Figure 18 compares history matches and the forecasts of the oil production rate (WOPR) in three wells based on one training image and multiple training images. The use of multiple training images reduced the uncertainty in wells P12 and P5, but in well P1 the uncertainty (P10–P90 range) increased. This can be due to a local connectivity effect of the facies distribution around well P1.

4 Conclusions

The paper presents a workflow to integrate multiple geological scenarios into uncertainty quantification of reservoir forecasts. The workflow demonstrates how reservoir models based on multiple training images can be updated through history matching while also ensuring that the resulting history-matched models are geologically realistic and consistent with a priori geological knowledge. Uncertainty quantification based on multiple training images demonstrated that adaptive stochastic sampling is capable of providing a close match to the observed production whilst maintaining geologically realistic model parameter relationships for a range of geological scenarios.
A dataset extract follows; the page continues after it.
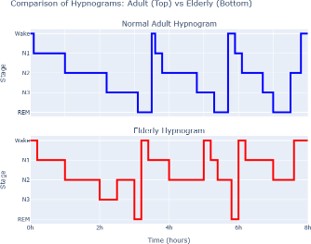 Aging is accompanied by distinct alterations in the quantity and quality of sleep (Figures 1 & 2). One of the most consistent findings is a decline in slow wave sleep, often referred to as deep sleep, with a corresponding increase in lighter sleep stages [3]. Older adults spend less time in stages of restorative slow wave sleep and more time in Stage 1 sleep, which is more easily disrupted by external stimuli. Rapid eye movement sleep also becomes more fragmented, leading to frequent brief arousals that reduce the continuity of the sleep cycle [4].

Automated history matching with geologically realistic priors for MPS parameterisation was applied to a meandering fluvial section of the synthetic full-field Stanford VI reservoir case study. Application of the proposed workflow was able to identify regions of good-fitting models, which correspond to the more than one training image used. The outcomes of history matching with multiple training images were compared with those from a single training image. This comparison showed that use of multiple training images in history matching results in an ensemble of better-matched models as well as more robust uncertainty quantification. This methodology can be seen as a way to include the widest variety of different geological interpretations available into history matching to better capture all the subsurface uncertainties.